┌──
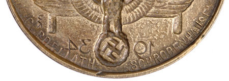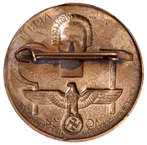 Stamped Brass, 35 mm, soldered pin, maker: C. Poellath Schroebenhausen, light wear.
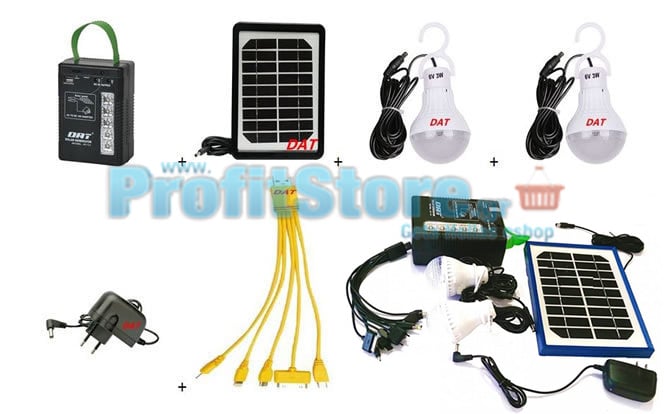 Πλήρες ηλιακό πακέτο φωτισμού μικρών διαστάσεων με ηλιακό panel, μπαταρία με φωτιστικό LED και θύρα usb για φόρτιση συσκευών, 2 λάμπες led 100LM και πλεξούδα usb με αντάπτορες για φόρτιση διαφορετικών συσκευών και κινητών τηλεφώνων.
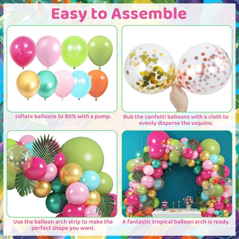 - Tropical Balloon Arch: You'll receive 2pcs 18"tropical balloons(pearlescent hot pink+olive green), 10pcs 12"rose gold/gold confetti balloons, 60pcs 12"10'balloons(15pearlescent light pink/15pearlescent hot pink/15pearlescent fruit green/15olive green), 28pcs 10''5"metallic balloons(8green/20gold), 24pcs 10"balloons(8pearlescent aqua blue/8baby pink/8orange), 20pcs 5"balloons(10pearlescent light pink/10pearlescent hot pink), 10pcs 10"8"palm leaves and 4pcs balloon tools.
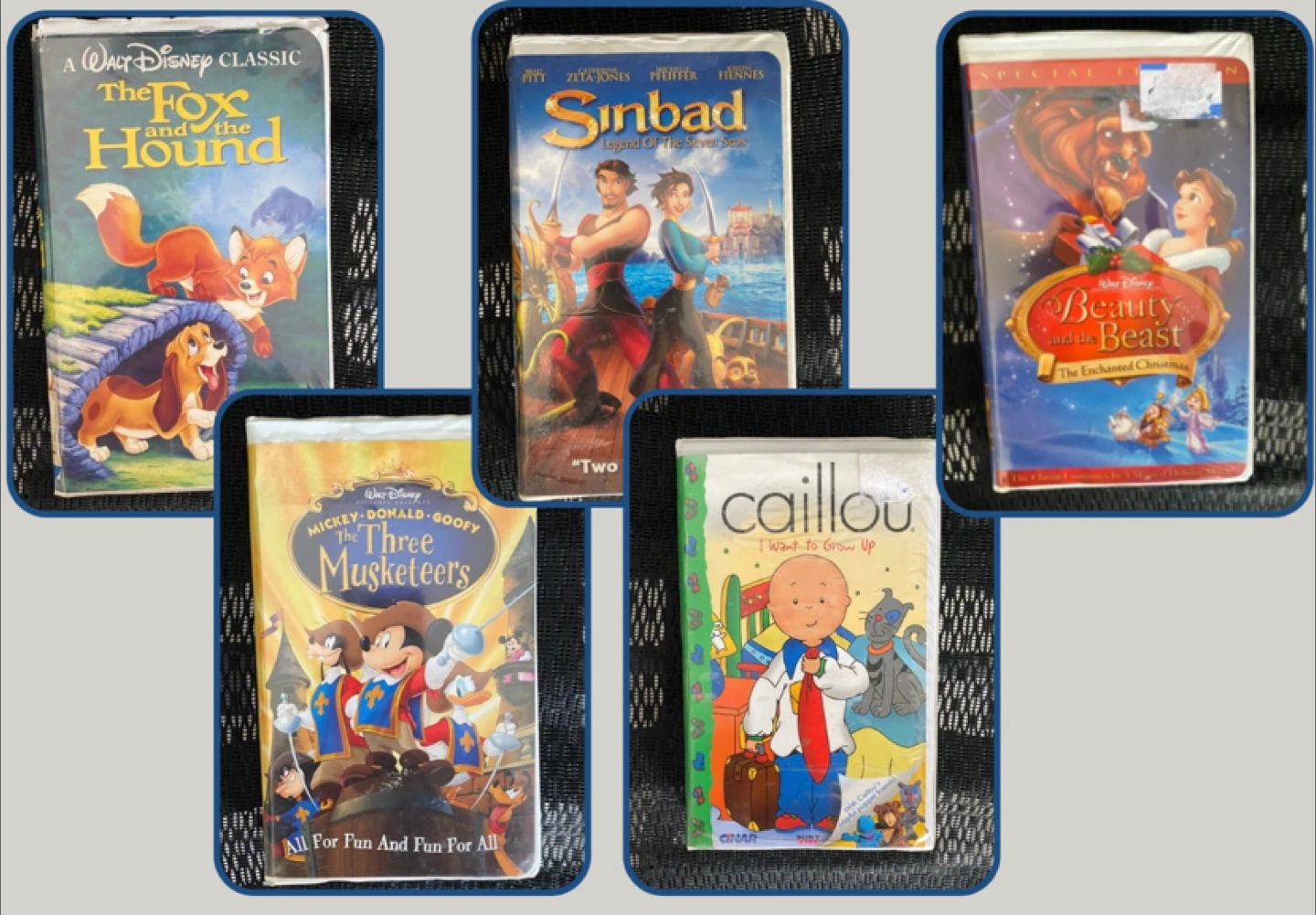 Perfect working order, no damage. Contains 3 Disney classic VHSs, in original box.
└──
┌──
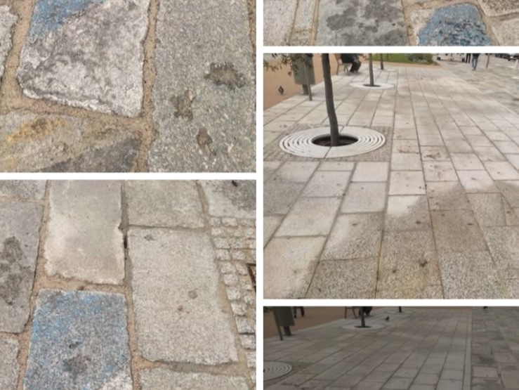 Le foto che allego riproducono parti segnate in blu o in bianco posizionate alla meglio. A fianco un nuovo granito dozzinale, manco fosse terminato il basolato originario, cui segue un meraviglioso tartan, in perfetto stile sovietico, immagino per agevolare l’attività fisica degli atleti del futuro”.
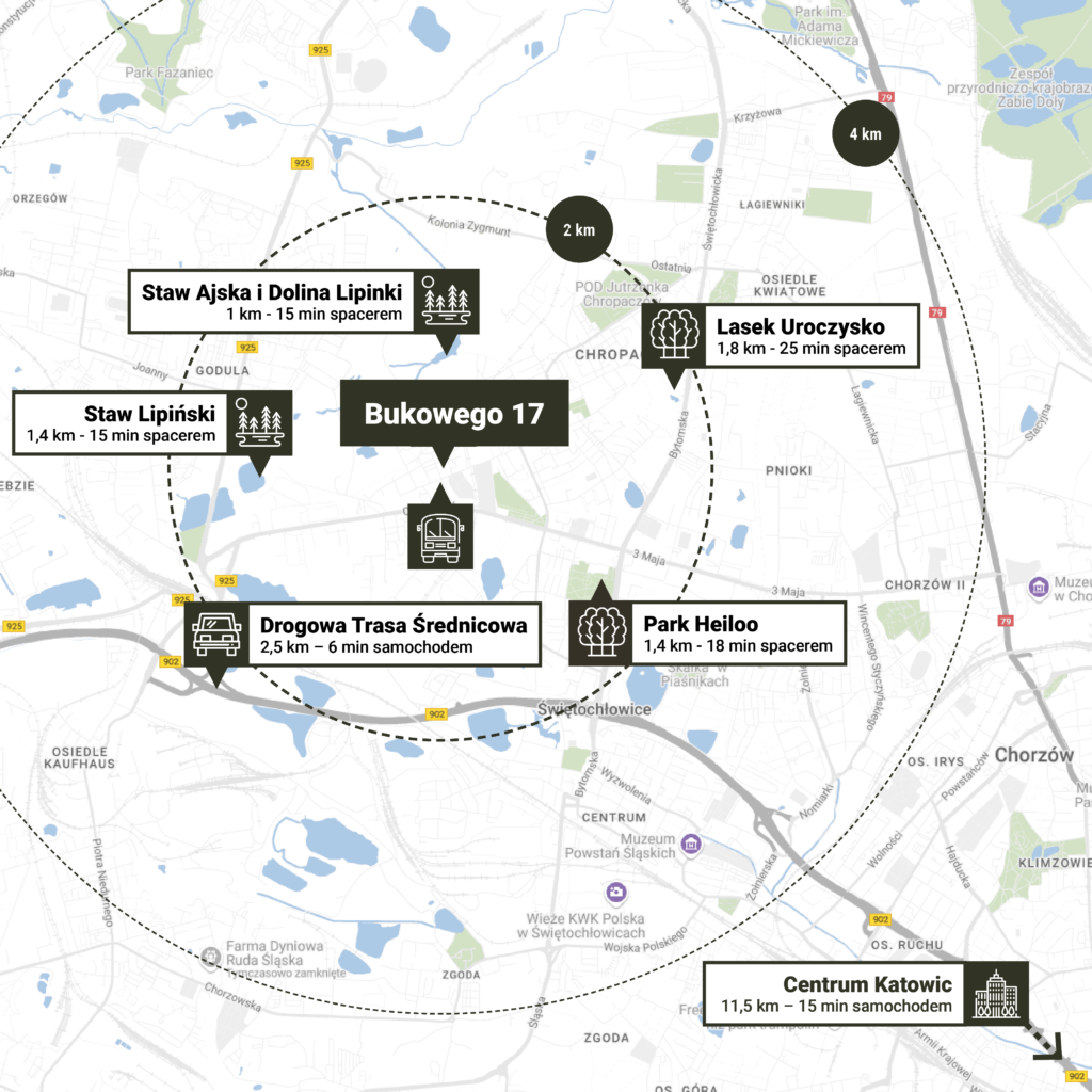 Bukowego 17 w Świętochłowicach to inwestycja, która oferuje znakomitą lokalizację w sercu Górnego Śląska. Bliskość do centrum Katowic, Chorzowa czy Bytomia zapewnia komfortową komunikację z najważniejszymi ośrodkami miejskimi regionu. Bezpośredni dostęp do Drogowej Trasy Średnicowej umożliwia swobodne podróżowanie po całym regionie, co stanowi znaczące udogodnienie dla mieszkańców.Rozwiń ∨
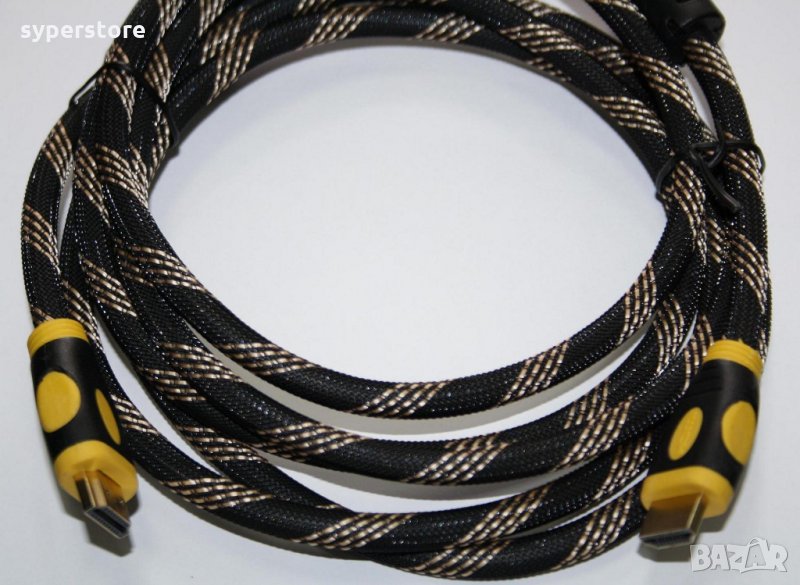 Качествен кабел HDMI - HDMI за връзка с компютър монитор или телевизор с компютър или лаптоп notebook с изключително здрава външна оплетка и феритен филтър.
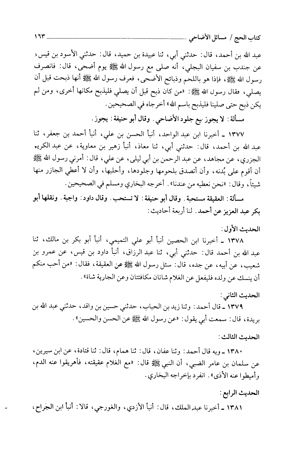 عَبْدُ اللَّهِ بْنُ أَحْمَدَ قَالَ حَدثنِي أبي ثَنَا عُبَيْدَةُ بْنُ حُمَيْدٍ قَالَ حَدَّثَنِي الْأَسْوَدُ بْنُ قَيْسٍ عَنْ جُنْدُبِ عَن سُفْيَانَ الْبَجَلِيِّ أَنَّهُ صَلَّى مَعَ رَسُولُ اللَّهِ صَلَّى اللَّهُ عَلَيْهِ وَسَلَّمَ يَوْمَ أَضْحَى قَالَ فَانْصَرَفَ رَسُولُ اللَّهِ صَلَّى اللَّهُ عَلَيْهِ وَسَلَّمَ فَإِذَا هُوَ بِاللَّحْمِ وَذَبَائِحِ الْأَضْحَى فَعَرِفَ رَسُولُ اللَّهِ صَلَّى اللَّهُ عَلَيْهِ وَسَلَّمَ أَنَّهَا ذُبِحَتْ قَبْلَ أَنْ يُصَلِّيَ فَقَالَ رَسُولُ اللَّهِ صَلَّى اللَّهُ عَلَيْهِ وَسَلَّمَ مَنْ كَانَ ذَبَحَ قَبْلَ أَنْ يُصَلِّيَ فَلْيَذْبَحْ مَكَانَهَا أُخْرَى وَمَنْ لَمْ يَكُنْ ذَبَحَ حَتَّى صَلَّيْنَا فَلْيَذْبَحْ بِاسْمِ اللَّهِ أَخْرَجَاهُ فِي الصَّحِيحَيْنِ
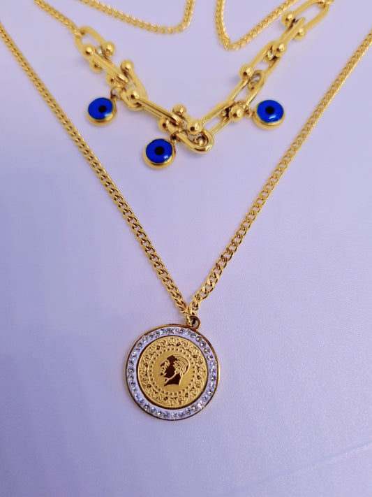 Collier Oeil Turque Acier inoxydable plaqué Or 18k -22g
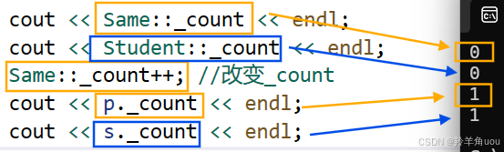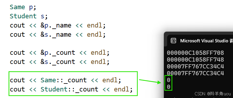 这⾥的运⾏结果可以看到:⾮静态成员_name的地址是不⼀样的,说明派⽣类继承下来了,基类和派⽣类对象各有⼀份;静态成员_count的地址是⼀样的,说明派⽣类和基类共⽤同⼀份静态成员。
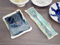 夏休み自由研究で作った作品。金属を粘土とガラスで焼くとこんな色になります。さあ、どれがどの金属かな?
└──
┌──
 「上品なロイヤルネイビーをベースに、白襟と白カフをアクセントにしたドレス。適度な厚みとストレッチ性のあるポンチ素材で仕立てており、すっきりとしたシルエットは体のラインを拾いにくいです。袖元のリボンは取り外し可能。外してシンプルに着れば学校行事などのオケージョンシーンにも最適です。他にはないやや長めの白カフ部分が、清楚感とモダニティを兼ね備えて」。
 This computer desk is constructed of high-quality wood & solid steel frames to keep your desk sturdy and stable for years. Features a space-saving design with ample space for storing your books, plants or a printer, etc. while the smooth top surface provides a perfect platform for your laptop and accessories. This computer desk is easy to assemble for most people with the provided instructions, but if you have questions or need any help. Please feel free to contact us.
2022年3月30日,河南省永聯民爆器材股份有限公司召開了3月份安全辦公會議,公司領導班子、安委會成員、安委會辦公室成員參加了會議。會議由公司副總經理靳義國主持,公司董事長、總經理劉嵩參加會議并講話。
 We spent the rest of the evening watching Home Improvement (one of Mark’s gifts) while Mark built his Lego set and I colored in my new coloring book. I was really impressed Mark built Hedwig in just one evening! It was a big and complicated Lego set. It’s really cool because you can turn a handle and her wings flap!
└──
*What the task asks*: Working from the data above, repeat exactly, and only, the lines that begin at the line containing "Stamped Brass, 35" and stop after the line containing "Perfect working order, no"; pictures are not copied.

*Response area*:
 Stamped Brass, 35 mm, soldered pin, maker: C. Poellath Schroebenhausen, light wear.
 Πλήρες ηλιακό πακέτο φωτισμού μικρών διαστάσεων με ηλιακό panel, μπαταρία με φωτιστικό LED και θύρα usb για φόρτιση συσκευών, 2 λάμπες led 100LM και πλεξούδα usb με αντάπτορες για φόρτιση διαφορετικών συσκευών και κινητών τηλεφώνων.
 - Tropical Balloon Arch: You'll receive 2pcs 18"tropical balloons(pearlescent hot pink+olive green), 10pcs 12"rose gold/gold confetti balloons, 60pcs 12"10'balloons(15pearlescent light pink/15pearlescent hot pink/15pearlescent fruit green/15olive green), 28pcs 10''5"metallic balloons(8green/20gold), 24pcs 10"balloons(8pearlescent aqua blue/8baby pink/8orange), 20pcs 5"balloons(10pearlescent light pink/10pearlescent hot pink), 10pcs 10"8"palm leaves and 4pcs balloon tools.
 Perfect working order, no damage. Contains 3 Disney classic VHSs, in original box.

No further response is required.